4940v5 drop-in replacement for LM7805?

Question

I am a novice who purchased several TO-220 L4940v5 chips thinking they were drop-in replacements for the inefficient TO-220 7805s that I've been using. But not a single one seems to work. No heat, no voltage output, nothing. Thinking I had the pins backward I tried a fresh one with the in & out swapped, but still no result.

Is the L4940v5 not pin-compatible with the 7805?

EDIT: Here is what I built. It is the same as the reference diagram on the L4904v5 datasheet, except my output capacitor is larger (it's what I had).

Answer 1

Getting no output sounds like something is wrong, like maybe the parts are defective.
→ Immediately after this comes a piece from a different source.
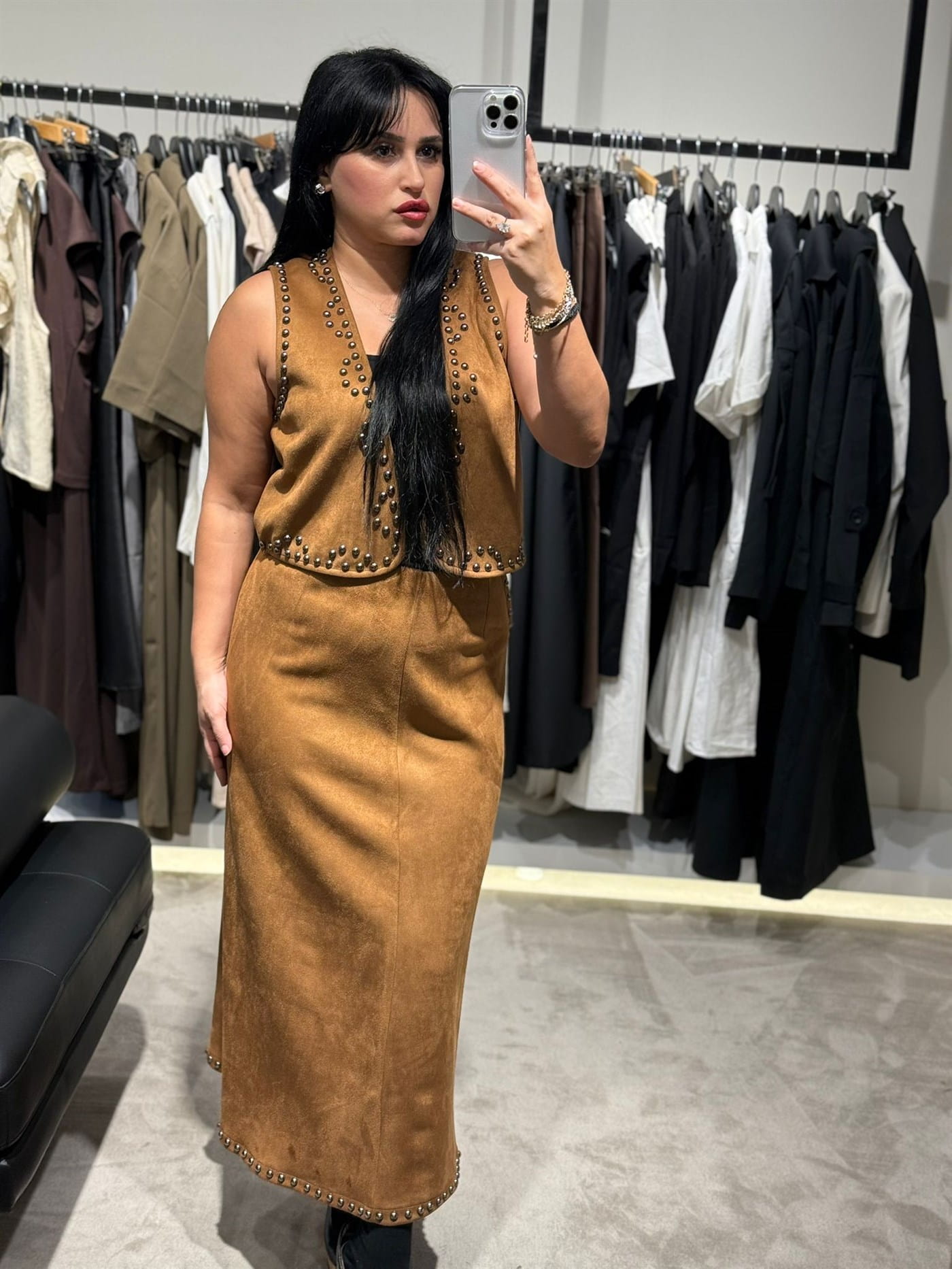 • Model: Süet görünümlü yelek ve etek takım

Hopefully you purchased them from a reliable source.

They're not exact replacements because they can withstand less input voltage (30V rather than 35V) and they draw rather nasty amounts of Iq (as much as 100mA typical) when the output current is high and the regulator is dropping out (this hideous behavior is typical of such antediluvian regulators made with low-hFE lateral PNP pass transistors). I suppose it's possible this is causing your source to current limit and restart, resulting in an endless loop.

They don't say so in the datasheet but the regulator is probably not guaranteed stable with ceramic output caps, and needs a fat-ish 22uF or more aluminum electrolytic or tantalum cap with relatively high ESR on the output. The LM7805 is much more forgiving.

There's no power dissipation advantage in dropping one of these in place of a 7805, not at all, under some conditions just the opposite. There are switching regulators that you can use such as the Murata OKI-78SR-5/1.5-W36-C which actually are very efficient and are (more-or-less) drop-in replacements allowing you to leave off the heatsink. Be sure to read the datasheet.

Answer 2

This is a supplementary answer to respond to the comments:

I extract from your response that the term "efficient" only refers to the ratio of output power to input power, rather than the total amount of usable energy I can extract from the batteries? Having a LDO device lets me run on fewer batteries, and run them to a lower voltage. That means I extract more total joules from the batteries before my circuit fails.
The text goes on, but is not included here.